Nominated by President Trump for a seat on the 7th Circuit Court of Appeals, University of Notre Dame law professor Amy Coney Barrett was brought before the Senate panel to give a breakdown of her legal philosophy. But what unfolded was a grilling over her Catholic principles.
In the lead-up to the hearings, Barrett was criticized for previously written work, examining the collisions between Catholic principles and established case law. A bloc of left-wing activists, including the Alliance for Justice (AFJ), asserted Barrett "would put her personal beliefs ahead of the law" in cases where the two conflict.
"Stunningly, Barrett has asserted that judges should not follow the law or the Constitution when it conflicts with their personal religious beliefs," the group argued.
Based upon a reading of Barrett's own work, these allegations are legally unsound. She has explicitly stated that "judges cannot — nor should they try to — align our legal system with the Church's moral teaching whenever the two diverge." Barrett maintains judges should recuse themselves in cases where their religious beliefs run counter to their judicial responsibility.
The activist detractors' position has also been soundly refuted by legal analysts. Still, certain members of the Senate Judiciary Committee echo their claims.
Referencing a 1998 law review article, "Catholic Judges in Capital Cases," California Sen.
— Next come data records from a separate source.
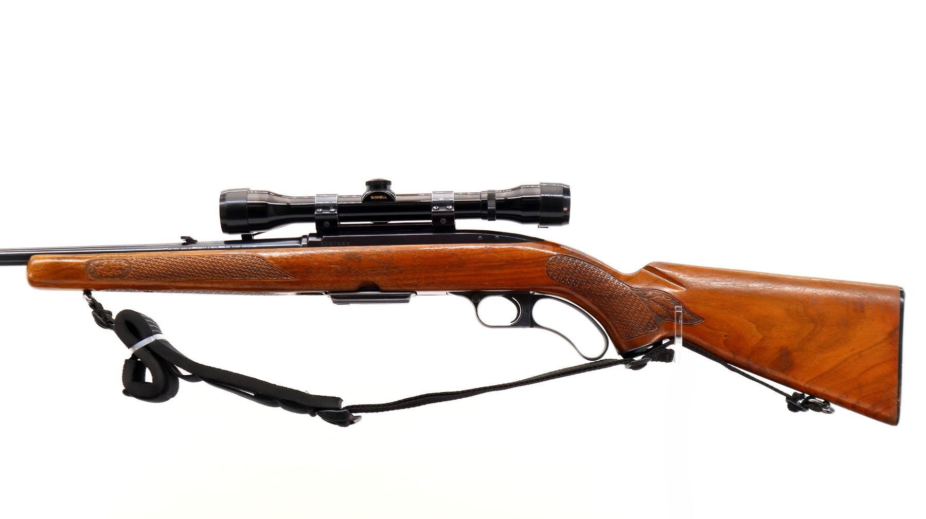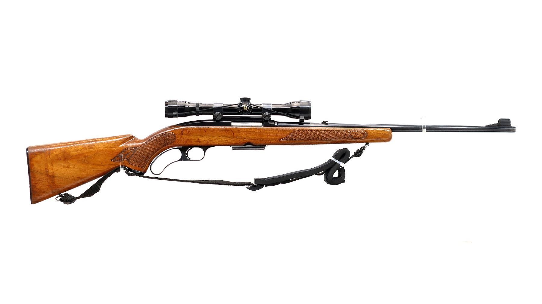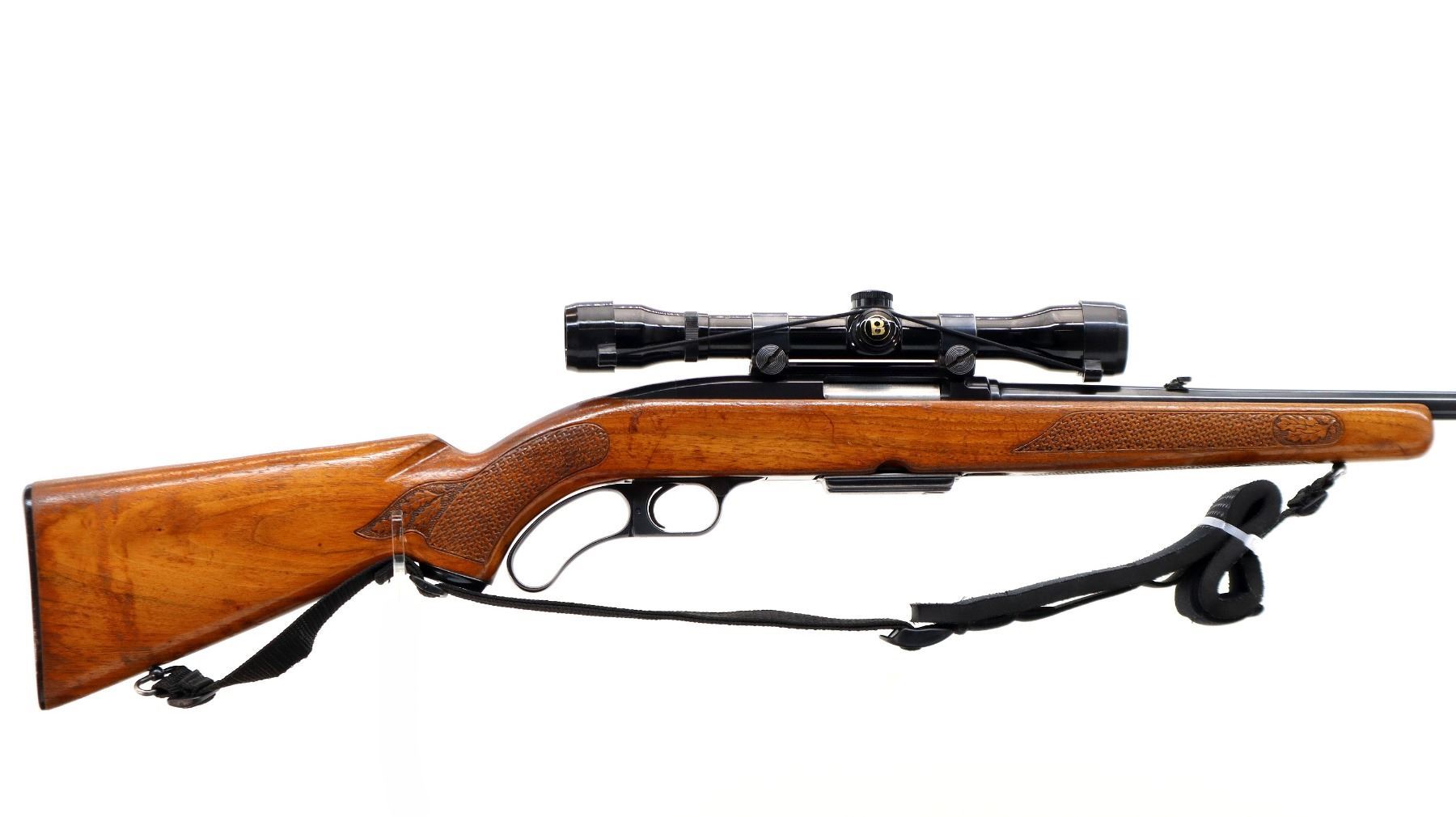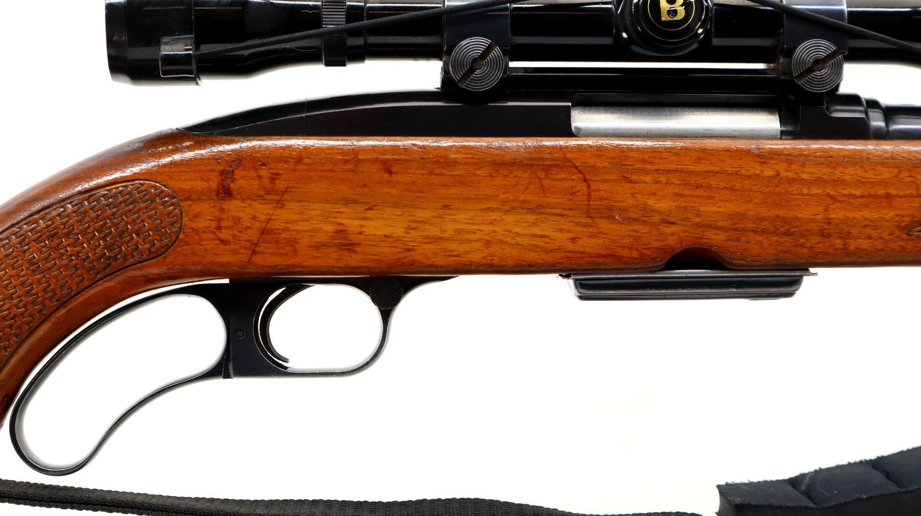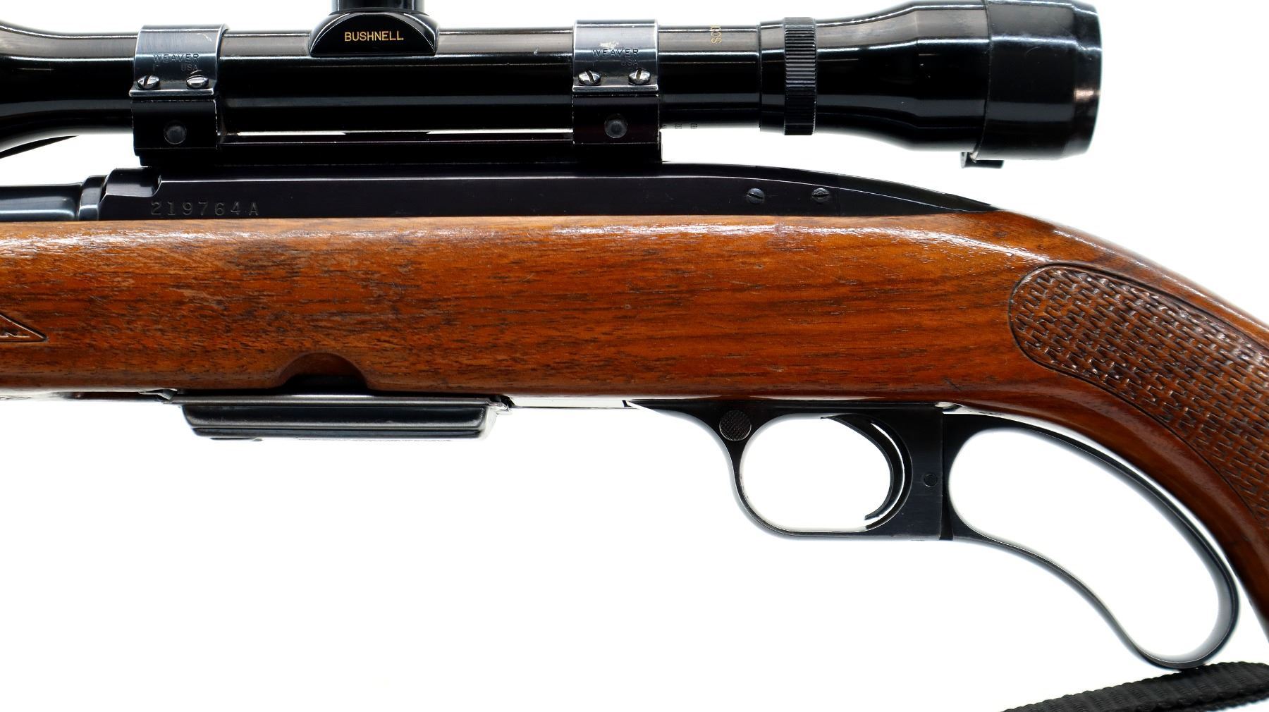 Main Description: Manufactured 19668. Blade front sight with hood and ramp, adjustable folding u notched rear sight, blued finish, receiver drilled and tapped with Bushnell Scopechief VI 4x32 scope installed, clear optics with duplex crosshair. One piece wood stock, Basketweave checkered forearm and pistol grip, checkered black polymer butt plate, steel grip cap, sling swivels, black nylon sling.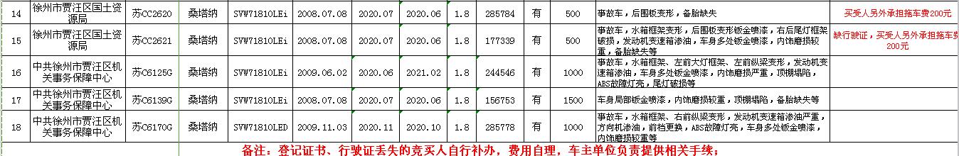 ⑴2008年蘇CC2611桑塔納;⑵2008年蘇CC2612桑塔納;⑶2008年蘇CC2613桑塔納;⑷2008年蘇CC2614桑塔納;⑸2008年蘇CC2615桑塔納;⑹2008年蘇CC2616桑塔納;⑺2008年蘇CC2617桑塔納;⑻2008年蘇CC2618桑塔納;⑼2008年蘇CC2619桑塔納;⑽2008年蘇CC2620桑塔納;⑾2008年蘇C6139G桑塔納;⑿2009年蘇C6170G桑塔納;⒀2009年蘇C6125G桑塔納;⒁2013年蘇C89085長(zhǎng)安之星;⒂2013年蘇C89901長(zhǎng)安之星;⒃2012年蘇C82808帕薩特;⒄2013年蘇CC6162江淮;⒅2007年蘇C5896G帕薩特。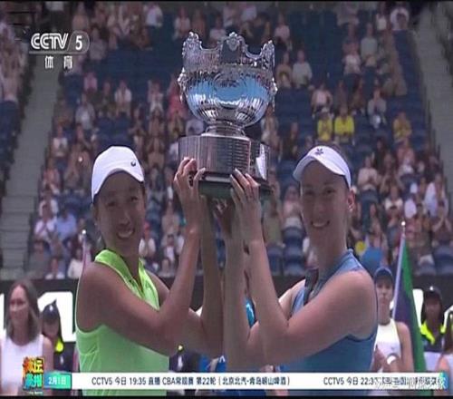 在今年的澳大利亚墨尔本,中国老将张帅与比利时人梅尔滕斯搭档,勇夺澳网女双冠军。这是张帅时隔七年再度拿下大满贯女双冠军, 成为今年澳网最靓丽的中国风景。赛后,央视CCTV5体育频道特地为张帅制作了专题节目,在《体坛晨报》中播出,时长达到了7分35秒。
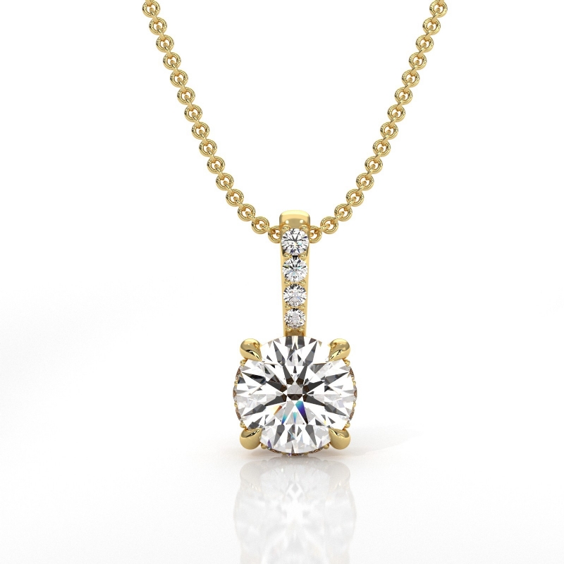 round diamond engagement pendant report by gia, f color & vs2 clarity, 18k yellow gold (0.57 ct. tw.)

Dianne Feinstein pressed Barrett on the depth of her faith, insinuating that her Catholic principles would compromise her ability to rule fairly.
"When you read your speeches, the conclusion one draws is that the dogma lives loudly within you," Feinstein, the panel's ranking Democrat, quipped. "And that's of concern when you come to big issues that large numbers of people have fought for, for years in this country."
"It is never appropriate for a judge to apply their personal convictions, whether it derives from faith or personal conviction," Barrett answered.
But doubting Democrats were not satisfied; other senators also raised doubt over Barrett's faith.
Senate Minority Whip Dick Durban, a self-described Catholic and one-time pro-life advocate, singled out Barrett's use of the term "orthodox Catholics" as unfair to those who support abortion.
Hawaii Sen. Mazie Hirono echoed Feinstein's concerns. "Ms. Barrett, I think your article is very plain in your perspective about the role of religion for judges and particularly with regard to Catholic judges."
Minnesota Sen. Al Franken suggested Barrett was unfit to serve on the 7th Circuit Court of Appeals, based upon the fact that she appeared before a gathering of Christian religious liberty legal group Alliance Defending Freedom (recently branded a "hate group" by the discredited Leftist activist group the Southern Poverty Law Center).
In response to this line of questioning, Nebraska Sen. Ben Sasse referenced the Constitution's religious test clause, which "prohibits the imposition of religious scrutiny against public officials."
"I think some of the questioning that you have been subjected to today seems to miss some of these fundamental constitutional protections we all have," Sasse observed.